As a platform with a monopoly on the Internet video market, YouTube is accountable for enacting public-interest restrictions and developing a filtering process that preserves free speech (Karan, 2018). Nevertheless, the majority of independent media individuals, journalists, and spokespersons who are compelled to upload videos on YouTube in order to earn additional incomes with educational and news-oriented media programming that inexorably includes hate subjects but makes no attempt to demonstrate this further are banned, assessed, and utilized, based on the company’s community guidelines. While many other videos with ‘worse’ content remain unpunished, this highlights how YouTube evaluates various accounts differently. YouTube’s application of double standards in dealing with all of the hate speech they encountered demonstrates that the greatest impediment to free expression, and hate speech, is on the individuals, not on regulations or anything else.
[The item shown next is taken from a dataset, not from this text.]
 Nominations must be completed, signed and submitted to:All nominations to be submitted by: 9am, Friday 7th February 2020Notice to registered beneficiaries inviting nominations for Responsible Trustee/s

As a result, the platform’s complaint process is particularly context-sensitive, avoiding arbitrary removals and flagging caused by excessive operations. YouTube emphasized that the majority of content flags it received on a daily, do not pertain to illegal content, but rather represented the opinions of individuals who object to the relevant content (Patell, 2021). Therefore, YouTube’s internal complaint and regulation processes prioritize preserving human rights and freedom of expression, while also extending opportunities and perspectives for profit-driven dominant organizations.

 

Conclusion

Social media platforms generate relevant data and content as a result of their involvement in digital information systems, provision of critical services and algorithmic mechanisms, and exercise of control over their technology, architecture, and operational processes (Roberts, 2019).
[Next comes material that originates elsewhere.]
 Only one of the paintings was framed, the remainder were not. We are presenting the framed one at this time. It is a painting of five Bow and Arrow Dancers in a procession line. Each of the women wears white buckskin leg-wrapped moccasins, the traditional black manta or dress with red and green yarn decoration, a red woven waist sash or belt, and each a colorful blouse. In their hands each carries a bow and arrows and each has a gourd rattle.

Technology is never neutral, and the hate speech disseminated across on multiple platforms reveals the algorithmic underpinnings of these platforms, reflecting both their designers’ inherent hatred and the broader socio-technical structure. The malignant structures of ‘capital accumulation,’ ‘power system,’ ‘culture marginalization,’ and ‘interest first’ are also illustrated within such social and technological contexts (Roberts, 2019).
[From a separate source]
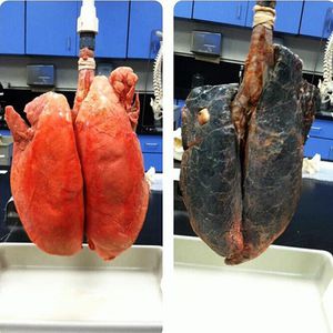 This is what bad habits such as smoking does to the respiratory system! Lungs can be very badly affected by smoking, this image demonstrates the effects pretty well! Coughs, colds, wheezing, chronic bronchitis and asthma are just a tiny portion of a long list of conditions. Fatal diseases such as pneumonia, emphysema and lung cancer are frequently the leading cause of mortality. Cigarettes smoke chemicals are interfering with the body's ability to filter air and cleaning out the lungs. It also irritates and paralyzes the cilia-tiny hair-like structures that line the airways and clean out dust and dirt along with over-production of mucous. This extra mucus means smokers are more likely to suffer from chronic bronchitis and what is known as 'smoker's cough'.Emphysema is another condition in which long-term smoking gradually damages and causes over-inflation of the alveoli, leading to shortness of breath due to reduced amount of lung tissue available for the transfer of oxygen from the air to the blood.The bright side is, that many diseases caused by smoking are actually reversible!

The governing authority manipulates and evaluates the content domain and moderation mechanism, paving the path for a more accessible and aesthetically appealing networked platform (Roberts, 2019). When we as consumers choose to engage with these media outlets and become immersed in their internal operations, we are essentially expressing our own viewpoint, preferences, and ideals, as well as projecting social logic, ideology, and cultural imagination (Roberts, 2019).